Audit trails and checking the integrity of things are in his blood. Gioia thought about starting his own poker site, where players could verify the authenticity of the deal. His business idea was dormant for several years, until his daughter pointed out a 2006 newspaper article about online gambling that highlighted the financial success of a popular poker site. She whacked Gioia with the paper and told him: “You should’ve done this,” he said.

And so he started Gioia Systems LLC. His biggest challenge was how to differentiate his site from the fast-growing number of popular Internet poker sites. “The answer was almost instantaneous: Play with a real deck of cards,” he said. Gioia turned to his brother, Andy Gioia, who worked for a company that made high-speed printers. They configured a machine they call the “Real Deal” to shuffle and deal cards continuously. It has the ability to transmit the results to computer servers that can manage hundreds of games simultaneously, Gioia said. The system stores information about every hand dealt and makes it available for later audit should players want it. That could be a big draw when tens of thousands of dollars are at stake, as they often are in online poker tournaments, Gioia said.

Gioia assembled $1.1 million in investment from friends and family and built his company, which employs five people. Gioia Systems plans to launch a demonstration site,, in a month, hosting games for no money. By attracting players, Gioia hopes to secure an angel investment and fund a full-fledged poker site on servers in the British Channel island of Alderney, the host of many international online gaming website servers.

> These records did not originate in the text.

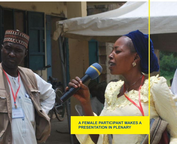
A FEMALE PARTICIPANT MAKES A PRESENTATION IN PLENARY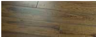
Eliot Hickory NO6ELIH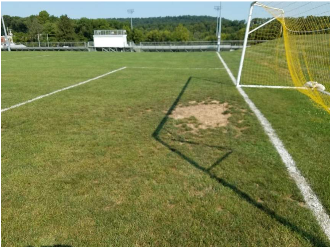
Figure 2: Goal mouth surface condition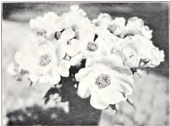
“Mischief” Auten, 1925

ALASKA —(1925) A very unusual shade of red, salmon I call it, with lighter shadings in center. Typical anemone bloom, delightfully rose fragrant, and it seems to meet the strictest commercial requirements as to substance and keeping qualities. Has attracted much attention both in the field and at exhibitions, and is entirely different in color from any peony now in commerce with which I am familiar. This is offered for those who desire something different in color and general effect. Stock extremely limited, and only four roots for sale this year.....$20.00 each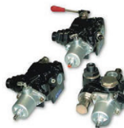
3-Position Tipping Valves from 45 to 250 lpm.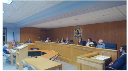
Meeting of the Mayor and Council - September 13, 2023

Can't make it to a Mayor & Council meeting? Just go to Northvale's YouTube channel and see the meeting live or watch previous meetings. Beginning with the 9/13 meeting, all M&C meetings are now livestreamed and recorded. Our residents deserve the transparency and convenience. Just go online to YouTube, search "Borough of Northvale" and hit the "subscribe" button. We'll see you online.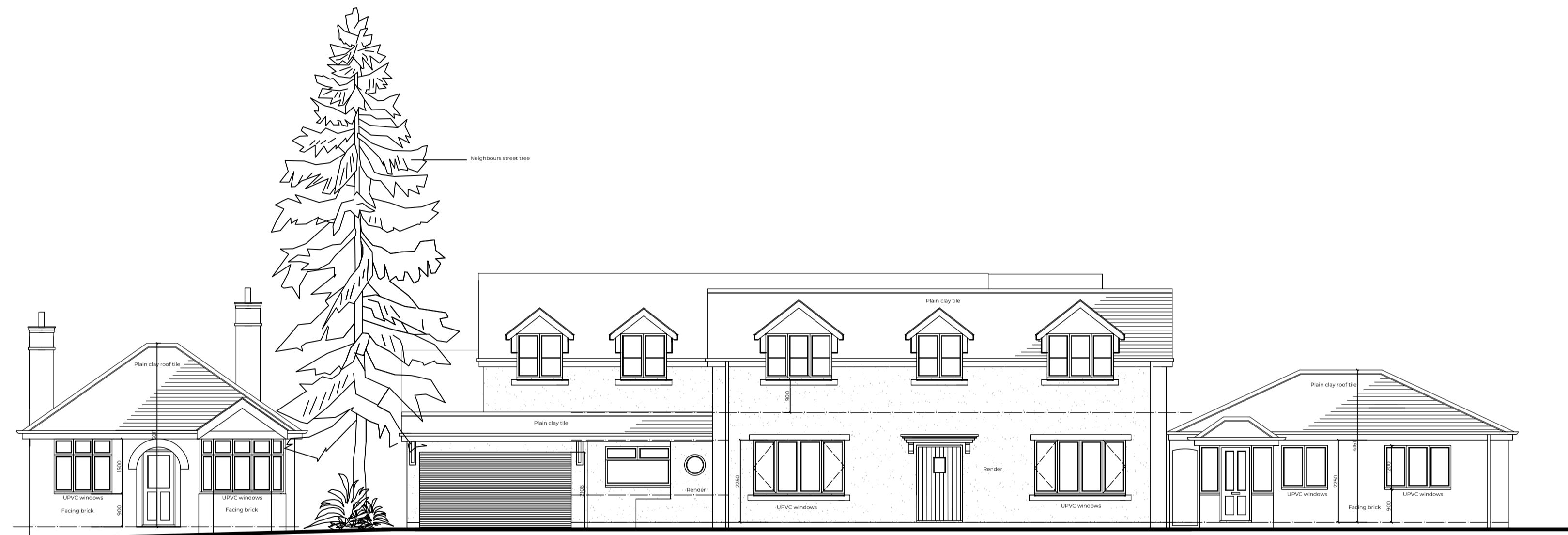
Street Elevation Extent of Prior Approvals (22/00900/HHPRIO) and (22/00930/HHPRIO)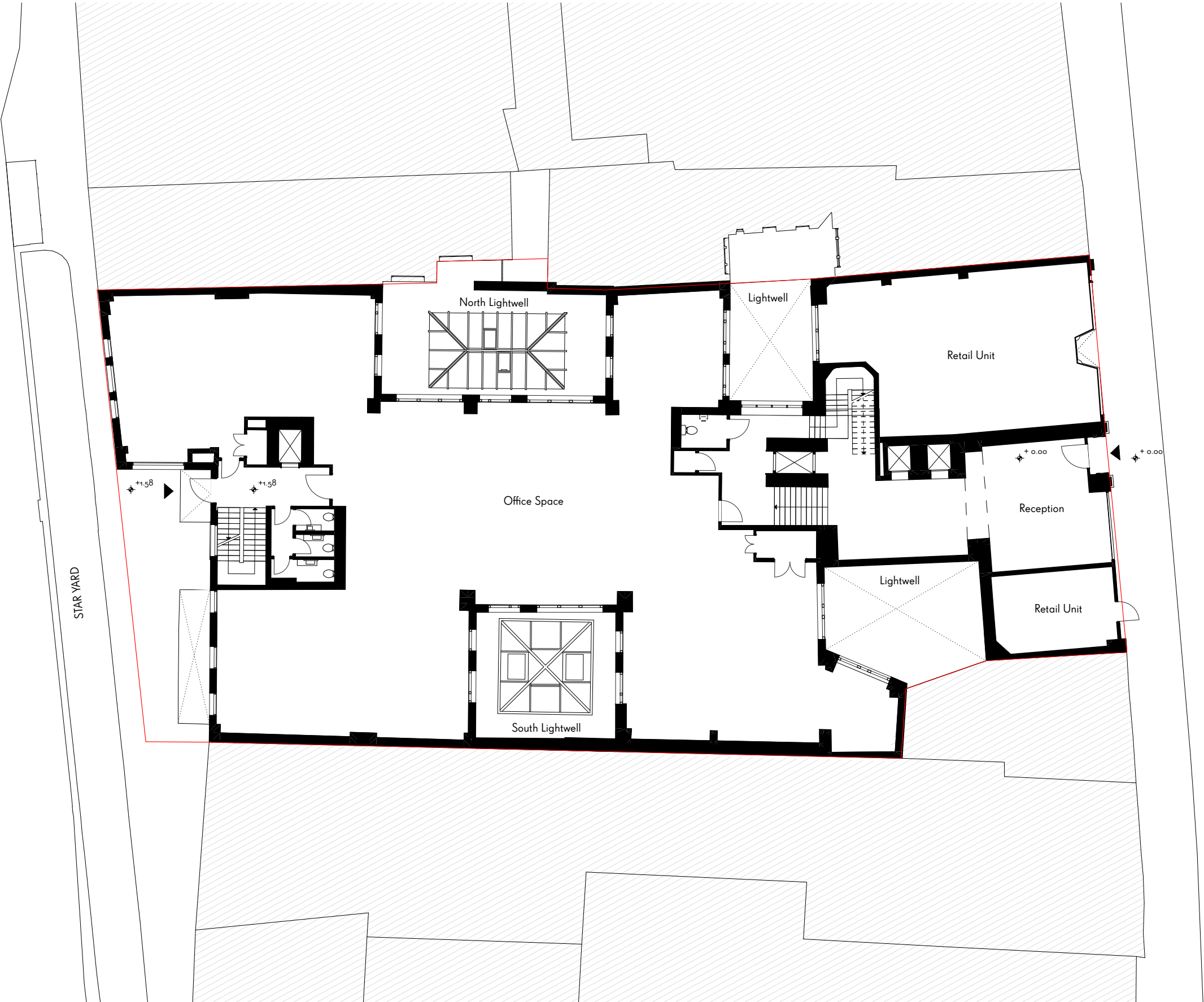
Existing Ground Floor Plan 1:200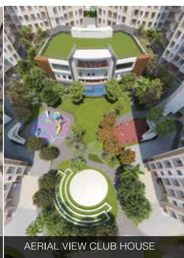
AERIAL VIEW CLUB HOUSE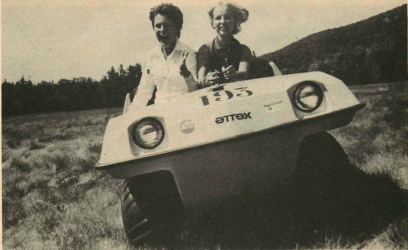
Cheapest, stock Plain Jane model offers just as much fun motoring as more expensive and powerful job. Control is via twin-stick setup.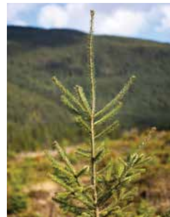
B.C. plants seedlings in areas best suited to the species in anticipation of a changing climate.

Indufor Group ( www.indufor.fi ) is one of the world's leading forest consulting service providers. It helps both public and private sector organizations add value when they are reshaping and defining their strategies, forest policies and governance issues at the international, national and local level. Its work related to forest certification has included global data on certified forests, conformity analyses on certification systems against international requirements, and training and capacity building.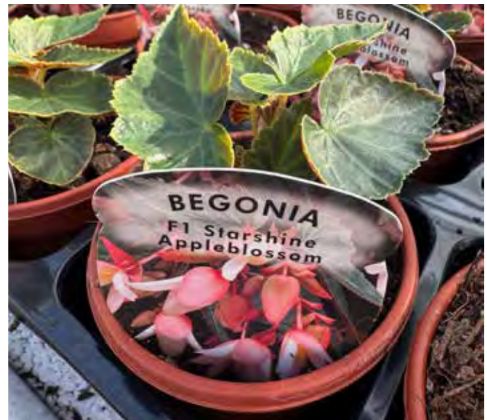
Begonia Starshine 'Appleblossom' in a 9cm pot

When preparing new sites, soil is always professionally tested before any planting commences, so that we know how best to improve the soil and control the quality of the plants to follow.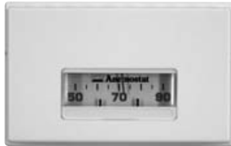
Heating & Cooling Wall Thermostat (Included When Applicable)

He hopes to have the poker website hosting real wager games and drawing revenue this year. A 2006 law prohibits U.S.-based sites from handling money connected to gaming. Setting up servers overseas and accepting money only from players outside the United States avoids running afoul of the law. Gioia has been in touch with congressional representatives, hoping to legalize online poker in the United States. The 1 million-member Poker Players Alliance nonprofit, led by former New York Sen. Alphonse D’Amato, is leading the push, arguing that recent cheating scandals among online sites show the need for legalization and domestic regulation of the industry.